摘要

Environmental sounds, everyday audio events that do not consist of music or speech data and are often more diverse and chaotic in their structure, have proven to be a promising type of carrier signals to carry out covert communication as they occur frequently in the natural environment, e.g., marine communication by mimicking dolphin or sea lion whistles. However, a mass collection of the carrier signals still remains a challenging task. Recently proposed generator models represented by Generator Adversarial Nets (GAN) have provided an effective way to synthesize environmental sounds. In this study, an end-to-end convolutional neural network (CNN) is proposed to directly transform the randomly sampled Gaussian noise into environmental sound that contains the secret message. The proposed network structure is composed of upsampling groups and orthogonal quantization layer, which can simultaneously realize factor analysis and information embedding.
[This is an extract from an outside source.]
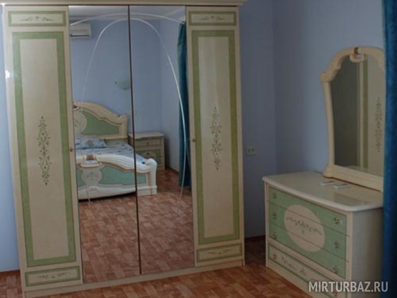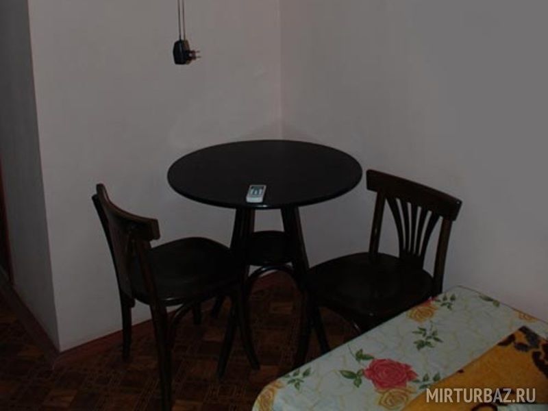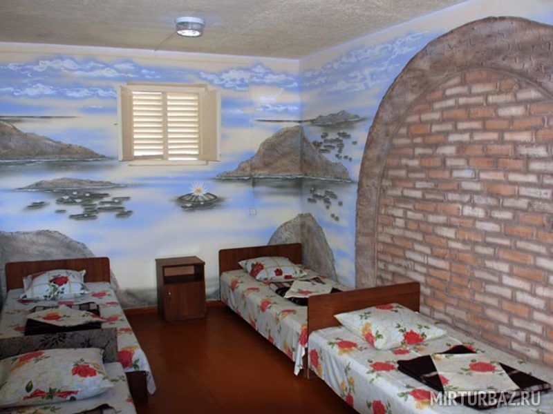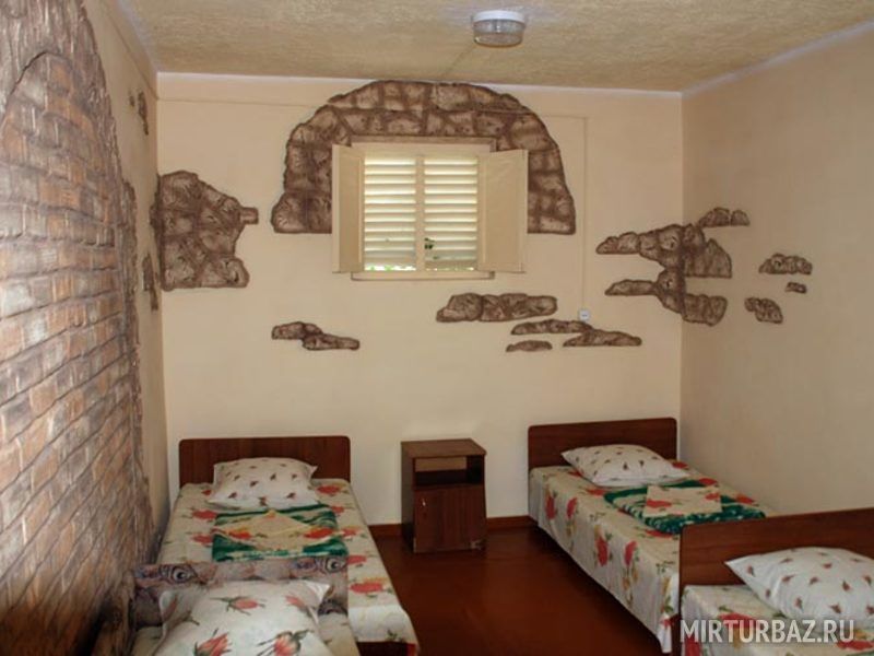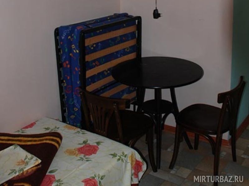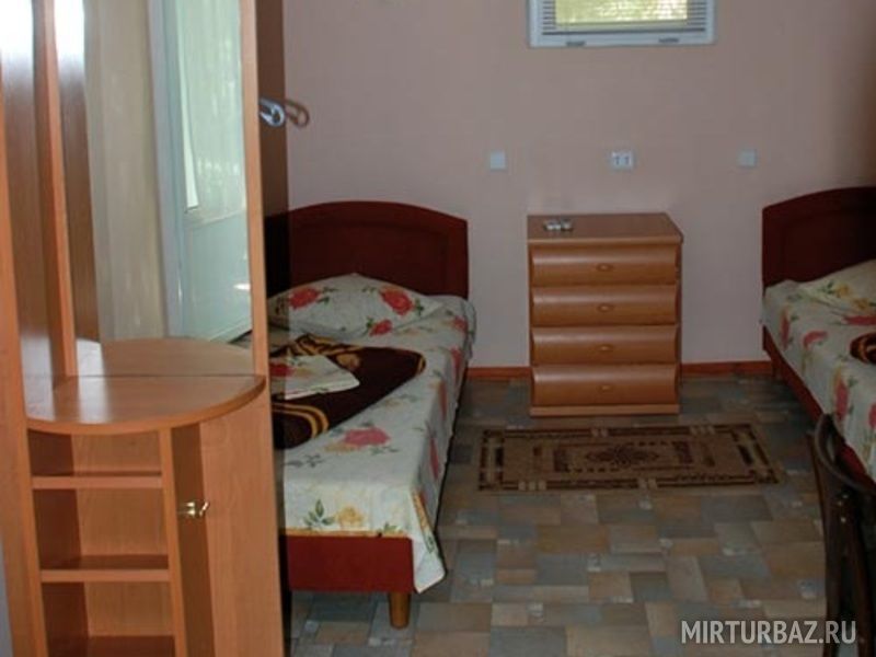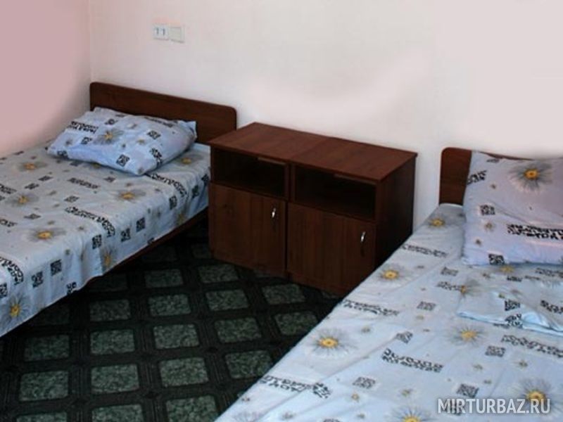 В каждом номере находятся полуторные кровати, стол, стулья, холодильник. Удобства располагаются на территории базы. У каждой комнаты есть балкон с которого открывается прекрасный вид на Черное море.

The design of the orthogonal quantization layer to complete the message embedding task is inspired by spread spectrum, model-based modulation, and compensative quantization. The underlying idea in this study is to treat the secret message as the constraint information in the generative model with the aim of maximizing the complete data model. The alternating back-propagation algorithm is used to train the overall network. Experimental results show that the proposed scheme can generate realistic environmental sounds that convey secret messages, while guaranteeing a high degree of communication reliability.